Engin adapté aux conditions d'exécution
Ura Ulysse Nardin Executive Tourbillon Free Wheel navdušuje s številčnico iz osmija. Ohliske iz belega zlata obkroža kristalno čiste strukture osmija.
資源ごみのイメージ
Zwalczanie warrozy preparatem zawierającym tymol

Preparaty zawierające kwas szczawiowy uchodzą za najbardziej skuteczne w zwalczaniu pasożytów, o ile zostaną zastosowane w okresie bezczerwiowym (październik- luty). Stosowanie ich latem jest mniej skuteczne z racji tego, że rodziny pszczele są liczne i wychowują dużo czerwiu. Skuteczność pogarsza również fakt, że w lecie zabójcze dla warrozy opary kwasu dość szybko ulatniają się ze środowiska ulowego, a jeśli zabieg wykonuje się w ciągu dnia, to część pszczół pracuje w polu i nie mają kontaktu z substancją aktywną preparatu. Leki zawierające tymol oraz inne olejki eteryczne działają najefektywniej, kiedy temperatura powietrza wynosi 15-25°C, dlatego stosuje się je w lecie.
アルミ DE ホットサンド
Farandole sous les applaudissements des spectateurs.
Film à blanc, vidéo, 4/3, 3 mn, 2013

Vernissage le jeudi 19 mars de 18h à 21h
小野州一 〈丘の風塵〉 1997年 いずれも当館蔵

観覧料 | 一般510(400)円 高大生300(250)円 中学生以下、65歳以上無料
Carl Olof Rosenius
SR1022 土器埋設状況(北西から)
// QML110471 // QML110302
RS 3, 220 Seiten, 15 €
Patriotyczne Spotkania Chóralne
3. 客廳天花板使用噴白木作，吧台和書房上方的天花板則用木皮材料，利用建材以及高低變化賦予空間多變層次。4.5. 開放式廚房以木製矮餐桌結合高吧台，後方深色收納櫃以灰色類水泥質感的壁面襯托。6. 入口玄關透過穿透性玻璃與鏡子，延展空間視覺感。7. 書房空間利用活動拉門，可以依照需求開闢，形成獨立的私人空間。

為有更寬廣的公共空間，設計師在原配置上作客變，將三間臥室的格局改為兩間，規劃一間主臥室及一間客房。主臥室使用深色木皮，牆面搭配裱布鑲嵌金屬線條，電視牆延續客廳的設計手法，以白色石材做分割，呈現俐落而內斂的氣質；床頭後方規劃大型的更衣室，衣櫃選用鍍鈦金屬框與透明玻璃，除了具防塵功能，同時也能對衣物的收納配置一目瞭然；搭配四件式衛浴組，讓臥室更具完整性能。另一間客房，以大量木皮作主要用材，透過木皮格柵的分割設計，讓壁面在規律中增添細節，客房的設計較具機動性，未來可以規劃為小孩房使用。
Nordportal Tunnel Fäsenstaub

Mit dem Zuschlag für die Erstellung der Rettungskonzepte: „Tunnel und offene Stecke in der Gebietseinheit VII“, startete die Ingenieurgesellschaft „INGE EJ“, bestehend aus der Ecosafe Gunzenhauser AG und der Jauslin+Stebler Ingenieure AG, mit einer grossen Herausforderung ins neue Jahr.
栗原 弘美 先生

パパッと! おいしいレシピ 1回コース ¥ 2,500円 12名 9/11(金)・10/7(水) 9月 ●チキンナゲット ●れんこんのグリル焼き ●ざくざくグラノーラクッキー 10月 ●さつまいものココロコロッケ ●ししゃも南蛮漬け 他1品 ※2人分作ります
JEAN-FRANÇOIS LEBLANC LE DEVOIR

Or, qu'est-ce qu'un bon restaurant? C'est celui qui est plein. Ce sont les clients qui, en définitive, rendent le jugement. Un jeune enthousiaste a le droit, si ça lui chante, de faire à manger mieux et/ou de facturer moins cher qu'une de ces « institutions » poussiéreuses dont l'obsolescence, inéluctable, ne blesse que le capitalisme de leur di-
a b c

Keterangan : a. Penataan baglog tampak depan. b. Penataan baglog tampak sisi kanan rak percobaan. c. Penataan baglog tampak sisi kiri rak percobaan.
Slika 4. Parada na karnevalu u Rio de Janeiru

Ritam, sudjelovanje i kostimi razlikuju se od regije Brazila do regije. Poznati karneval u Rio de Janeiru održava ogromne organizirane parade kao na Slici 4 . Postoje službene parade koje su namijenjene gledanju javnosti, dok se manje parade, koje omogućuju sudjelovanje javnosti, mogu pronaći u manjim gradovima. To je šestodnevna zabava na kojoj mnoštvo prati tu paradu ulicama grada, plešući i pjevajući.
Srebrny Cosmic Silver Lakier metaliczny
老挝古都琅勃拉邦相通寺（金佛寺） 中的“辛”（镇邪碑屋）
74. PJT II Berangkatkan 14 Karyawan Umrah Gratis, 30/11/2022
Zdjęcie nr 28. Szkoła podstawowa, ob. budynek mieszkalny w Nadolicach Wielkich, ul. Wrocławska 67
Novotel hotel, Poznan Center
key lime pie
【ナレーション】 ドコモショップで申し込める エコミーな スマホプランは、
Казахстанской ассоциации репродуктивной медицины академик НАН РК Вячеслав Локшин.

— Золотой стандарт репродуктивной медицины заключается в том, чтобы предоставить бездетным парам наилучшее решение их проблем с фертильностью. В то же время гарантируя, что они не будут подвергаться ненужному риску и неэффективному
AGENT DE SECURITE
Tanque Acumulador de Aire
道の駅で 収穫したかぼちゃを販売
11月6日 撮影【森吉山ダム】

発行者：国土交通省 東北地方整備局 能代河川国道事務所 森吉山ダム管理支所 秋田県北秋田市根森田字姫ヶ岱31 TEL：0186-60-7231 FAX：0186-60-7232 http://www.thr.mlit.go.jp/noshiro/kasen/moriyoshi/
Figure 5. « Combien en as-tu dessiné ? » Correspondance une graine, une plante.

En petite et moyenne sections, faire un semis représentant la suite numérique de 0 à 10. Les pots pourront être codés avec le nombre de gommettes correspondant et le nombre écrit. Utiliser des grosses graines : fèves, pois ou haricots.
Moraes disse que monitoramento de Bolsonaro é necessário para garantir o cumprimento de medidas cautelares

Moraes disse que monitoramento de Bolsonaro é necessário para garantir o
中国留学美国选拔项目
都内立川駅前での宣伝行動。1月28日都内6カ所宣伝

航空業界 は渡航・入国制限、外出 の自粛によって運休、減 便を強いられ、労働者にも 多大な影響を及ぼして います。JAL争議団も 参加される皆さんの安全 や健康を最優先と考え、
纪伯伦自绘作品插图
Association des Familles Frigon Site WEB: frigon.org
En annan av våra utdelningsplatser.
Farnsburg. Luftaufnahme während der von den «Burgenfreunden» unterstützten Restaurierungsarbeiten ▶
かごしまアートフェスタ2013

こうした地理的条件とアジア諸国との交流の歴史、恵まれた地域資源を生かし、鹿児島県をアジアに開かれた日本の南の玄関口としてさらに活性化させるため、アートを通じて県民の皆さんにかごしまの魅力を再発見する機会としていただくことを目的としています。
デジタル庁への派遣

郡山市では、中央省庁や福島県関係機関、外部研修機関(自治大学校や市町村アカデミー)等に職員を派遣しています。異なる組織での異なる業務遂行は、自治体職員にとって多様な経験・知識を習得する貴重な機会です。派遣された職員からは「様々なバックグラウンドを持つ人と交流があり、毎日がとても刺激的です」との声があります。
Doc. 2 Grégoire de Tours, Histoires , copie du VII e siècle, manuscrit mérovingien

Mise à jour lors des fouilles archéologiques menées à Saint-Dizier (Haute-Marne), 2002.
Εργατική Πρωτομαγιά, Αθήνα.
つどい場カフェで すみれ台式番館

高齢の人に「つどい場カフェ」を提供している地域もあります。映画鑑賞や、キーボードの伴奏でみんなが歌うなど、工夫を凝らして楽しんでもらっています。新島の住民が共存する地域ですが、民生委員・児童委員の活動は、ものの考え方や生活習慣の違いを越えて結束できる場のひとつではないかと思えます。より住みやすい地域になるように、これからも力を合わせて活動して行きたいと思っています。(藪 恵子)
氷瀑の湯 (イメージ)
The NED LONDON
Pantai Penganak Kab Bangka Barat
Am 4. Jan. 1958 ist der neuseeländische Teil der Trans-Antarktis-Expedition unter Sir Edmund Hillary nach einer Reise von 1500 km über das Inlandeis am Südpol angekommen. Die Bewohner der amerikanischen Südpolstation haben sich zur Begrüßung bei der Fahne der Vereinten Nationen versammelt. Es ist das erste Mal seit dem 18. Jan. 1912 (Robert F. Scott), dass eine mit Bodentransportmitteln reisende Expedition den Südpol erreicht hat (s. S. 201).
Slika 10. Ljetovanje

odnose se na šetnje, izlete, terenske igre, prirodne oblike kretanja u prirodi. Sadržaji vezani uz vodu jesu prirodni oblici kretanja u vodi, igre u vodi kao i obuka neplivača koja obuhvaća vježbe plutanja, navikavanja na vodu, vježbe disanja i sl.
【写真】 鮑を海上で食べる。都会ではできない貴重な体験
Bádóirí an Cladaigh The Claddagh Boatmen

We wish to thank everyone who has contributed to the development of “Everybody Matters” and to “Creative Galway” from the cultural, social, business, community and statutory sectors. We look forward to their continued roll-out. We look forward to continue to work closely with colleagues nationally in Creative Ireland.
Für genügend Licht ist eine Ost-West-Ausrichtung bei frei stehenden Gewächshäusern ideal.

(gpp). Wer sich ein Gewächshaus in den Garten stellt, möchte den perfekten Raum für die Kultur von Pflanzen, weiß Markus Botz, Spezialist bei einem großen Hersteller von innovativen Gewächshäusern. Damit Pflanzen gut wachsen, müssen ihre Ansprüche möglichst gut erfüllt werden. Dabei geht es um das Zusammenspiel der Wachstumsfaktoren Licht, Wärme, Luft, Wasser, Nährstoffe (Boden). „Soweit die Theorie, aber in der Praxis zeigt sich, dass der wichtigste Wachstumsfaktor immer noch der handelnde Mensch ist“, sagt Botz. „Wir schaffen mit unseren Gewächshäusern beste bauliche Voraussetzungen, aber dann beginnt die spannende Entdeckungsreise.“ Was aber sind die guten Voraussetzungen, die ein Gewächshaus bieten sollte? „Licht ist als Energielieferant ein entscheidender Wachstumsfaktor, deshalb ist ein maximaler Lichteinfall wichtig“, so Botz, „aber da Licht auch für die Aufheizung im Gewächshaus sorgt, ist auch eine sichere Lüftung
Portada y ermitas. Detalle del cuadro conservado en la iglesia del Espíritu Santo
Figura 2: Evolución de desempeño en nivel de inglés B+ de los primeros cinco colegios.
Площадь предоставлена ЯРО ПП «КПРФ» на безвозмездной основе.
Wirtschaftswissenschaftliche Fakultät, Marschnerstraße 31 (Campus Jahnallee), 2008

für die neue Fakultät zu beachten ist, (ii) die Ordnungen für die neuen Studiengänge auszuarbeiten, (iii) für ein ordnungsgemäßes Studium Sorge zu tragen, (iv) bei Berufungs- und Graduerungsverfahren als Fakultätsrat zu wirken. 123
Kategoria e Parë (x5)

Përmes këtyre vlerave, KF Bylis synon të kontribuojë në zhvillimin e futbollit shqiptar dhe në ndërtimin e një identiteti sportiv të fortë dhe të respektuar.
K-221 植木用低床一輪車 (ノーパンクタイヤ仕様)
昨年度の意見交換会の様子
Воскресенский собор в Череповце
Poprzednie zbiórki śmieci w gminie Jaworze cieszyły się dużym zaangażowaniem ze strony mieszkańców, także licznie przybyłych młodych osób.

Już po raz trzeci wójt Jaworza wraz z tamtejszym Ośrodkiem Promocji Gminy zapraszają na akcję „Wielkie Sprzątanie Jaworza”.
※ ※ ※
Supply only the number of lines above in which "Slika" occurs.

**Completed exercise**
2